Simon A M, Goodenough D A, Paul D L
Department of Neurobiology, Harvard Medical School, Boston, Massachusetts 02115, USA.
Curr Biol. 1998 Feb 26;8(5):295-8. doi: 10.1016/s0960-9822(98)70113-7.
Activation of cardiac muscle is mediated by the His-Purkinje system, a discrete pathway containing fast-conducting cells (Purkinje fibers) which coordinate the spread of excitation from the atrioventricular node (AV node) to ventricular myocardium [1]. Although pathologies of this specialized conduction system are common in humans, especially among the elderly [2], their molecular bases have not been defined. Gap junctions are present at appositions between Purkinje fibers and could provide a mechanism for propagating impulses between these cells [3]. Studies of the expression of connexins - the family of proteins from which gap junctions are formed - reveal that connexin40 (Cx40) is prominent in the conduction system [4]. In order to study the role of gap junction communication in cardiac conduction, we generated mice that lack Cx40. Using electrocardiographic analysis, we show that Cx40 null mice have cardiac conduction abnormalities characteristic of first-degree atrioventricular block with associated bundle branch block. Thus, gap junctions are essential for the rapid conduction of impulses in the His-Purkinje system.

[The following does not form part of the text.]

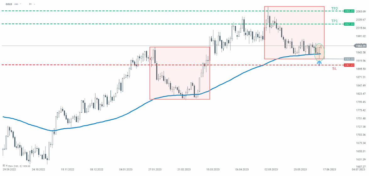 Der Goldmarkt hat sich in letzter Zeit in einem Aufwärtstrend befunden. Wenn man den D1-Chart betrachtet, kann man sehen, dass die jüngste Abwärtskorrektur die wichtige technische Unterstützung erreicht hat, wo die Rückgänge gestoppt wurden. Die Unterstützung bei 1.925 US-Dollar auf dem unten stehenden Chart ist das Ergebnis des EMA100 und der unteren Grenze der 1:1-Struktur. Gemäß der Overbalance-Strategie sieht es solange der Preis über der genannten Unterstützung liegt, nach einem Aufwärtstrend aus. Zusätzlich erscheint auf dem Chart ein bullisches Kerzenmuster - eine Hammer-Formation, die das Szenario unterstützt. Potenzielle Ziele liegen bei 2.027 und 2.065 US-Dollar.

心肌的激活由希氏-浦肯野系统介导,这是一条离散的通路,包含快速传导细胞(浦肯野纤维),可协调兴奋从房室结(AV结)向心室肌的传播[1]。尽管这种特殊传导系统的病变在人类中很常见,尤其是在老年人中[2],但其分子基础尚未明确。间隙连接存在于浦肯野纤维之间的连接处,可为这些细胞之间的冲动传播提供一种机制[3]。对连接蛋白(形成间隙连接的蛋白质家族)表达的研究表明,连接蛋白40(Cx40)在传导系统中很突出[4]。为了研究间隙连接通讯在心脏传导中的作用,我们培育了缺乏Cx40的小鼠。通过心电图分析,我们发现Cx40基因敲除小鼠具有一度房室传导阻滞伴相关束支阻滞的心脏传导异常特征。因此,间隙连接对于希氏-浦肯野系统中冲动的快速传导至关重要。